Mike Schmidt Lamenting How Baseball Became All About Home Runs is Kind of Strange

New York Yankees v Philadelphia Phillies
New York Yankees v Philadelphia Phillies / Ronald C. Modra/Getty Images

Mike Schmidt was a god for the Philadelphia Phillies throughout the 1970s and 80s, manning the hot corner throughout a brilliant career that landed him in the Hall of Fame.

Understandably, he sees the game through the lens of the era in which he played, and in a new article he penned for the AP, he detailed why he's having a problem accepting the fact that so many more home runs are being hit these days than ever before.

In the short op-ed, Schmidt laments about how the game has lost the stickball mentality now that bunts, steals, and hit-and-runs are becoming rarer and swinging for the fences becomes seemingly the sole directive.

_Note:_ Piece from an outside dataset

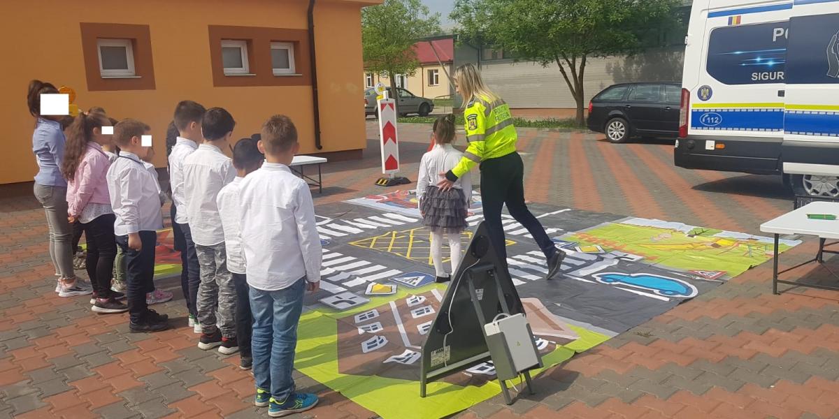 Copiii au verificat însuşirea informaţiilor primite prin intermediul unor fişe de lucru tematice şi au exersat împreună cu poliţiştii rutieri deplasarea corectă pe drumurile publice, traversarea acestora şi respectarea marcajelor şi a indicatoarelor rutiere.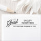 Elegant Script "Grad" return address label. This black and white design features script text and is accent with a graphic of a mortarboard.

There's only one problem: Schmidt himself hit 548 home runs throughout his 18-year career. He wasn't exactly Ichiro or Rod Carew out there.

It seems a bit funny that Schmidt is complaining about the overwhelming rate of home runs in today's game when he was known for hitting plenty of dingers himself while claiming an unspectacular .267 career batting average.

Schmidt complaining about an increase in home runs at the expense of more careful strategizing is one thing, but that doesn't mean he wasn't a beneficiary of the power game in baseball, nor does it mean that he contributed so frequently to the aspects of the game that he misses so dearly.

Maybe he feels bad that players who can hit a baseball a country mile aren't as rare as they used to be while he was playing. Either way, he sure is an interesting candidate for taking up this fight.